Information given below:

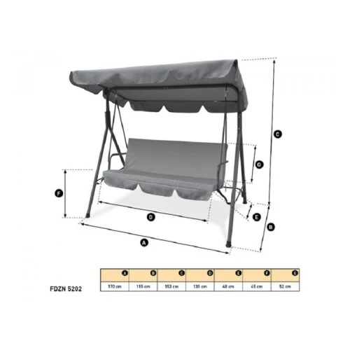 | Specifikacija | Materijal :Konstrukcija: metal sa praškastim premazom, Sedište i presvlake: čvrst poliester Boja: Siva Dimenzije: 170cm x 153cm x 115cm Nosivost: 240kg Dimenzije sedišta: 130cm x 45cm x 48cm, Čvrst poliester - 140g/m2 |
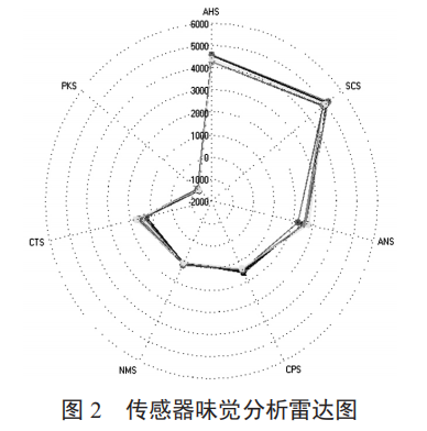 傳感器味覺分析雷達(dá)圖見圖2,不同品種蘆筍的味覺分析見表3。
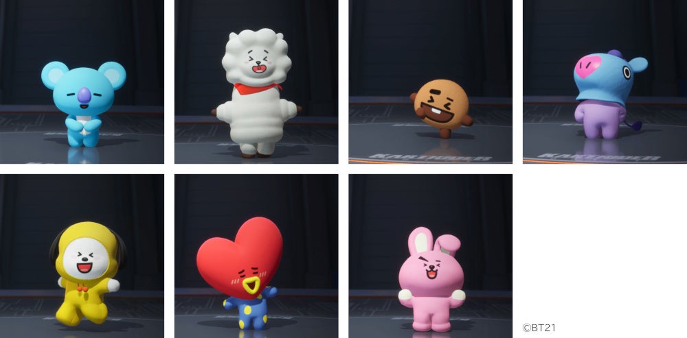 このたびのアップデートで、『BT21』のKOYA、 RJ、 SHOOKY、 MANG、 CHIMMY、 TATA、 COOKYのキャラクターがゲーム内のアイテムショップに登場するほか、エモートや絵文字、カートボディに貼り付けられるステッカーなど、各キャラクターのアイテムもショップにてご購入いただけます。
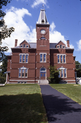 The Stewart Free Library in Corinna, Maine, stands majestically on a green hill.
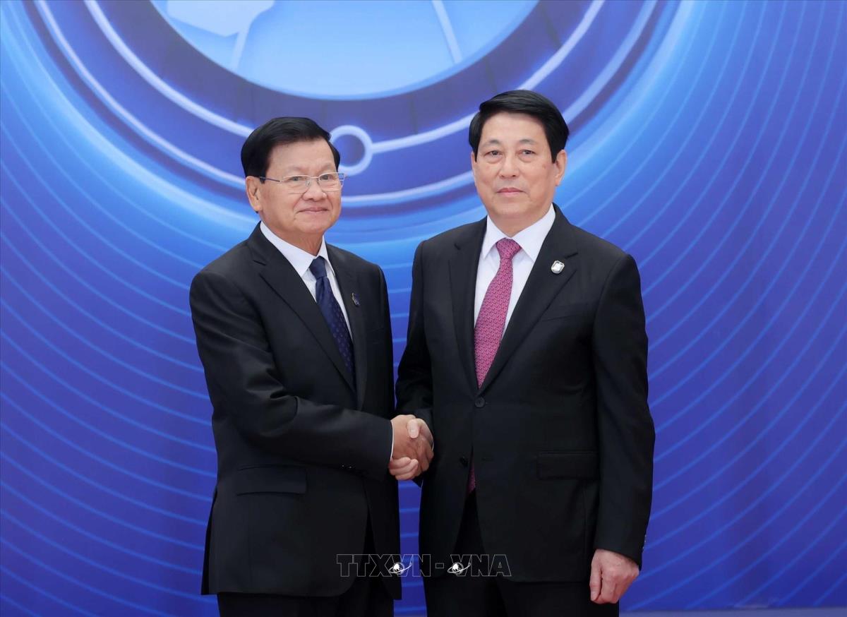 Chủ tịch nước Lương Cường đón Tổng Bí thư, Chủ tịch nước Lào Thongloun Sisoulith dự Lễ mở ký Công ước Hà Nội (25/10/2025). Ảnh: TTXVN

End of Information given.

• Task objective
Everything in the listing except the pictures must come back exactly as written.

• Answer to this problem
 | Specifikacija | Materijal :Konstrukcija: metal sa praškastim premazom, Sedište i presvlake: čvrst poliester Boja: Siva Dimenzije: 170cm x 153cm x 115cm Nosivost: 240kg Dimenzije sedišta: 130cm x 45cm x 48cm, Čvrst poliester - 140g/m2 |
 傳感器味覺分析雷達(dá)圖見圖2,不同品種蘆筍的味覺分析見表3。
 このたびのアップデートで、『BT21』のKOYA、 RJ、 SHOOKY、 MANG、 CHIMMY、 TATA、 COOKYのキャラクターがゲーム内のアイテムショップに登場するほか、エモートや絵文字、カートボディに貼り付けられるステッカーなど、各キャラクターのアイテムもショップにてご購入いただけます。
 The Stewart Free Library in Corinna, Maine, stands majestically on a green hill.
 Chủ tịch nước Lương Cường đón Tổng Bí thư, Chủ tịch nước Lào Thongloun Sisoulith dự Lễ mở ký Công ước Hà Nội (25/10/2025). Ảnh: TTXVN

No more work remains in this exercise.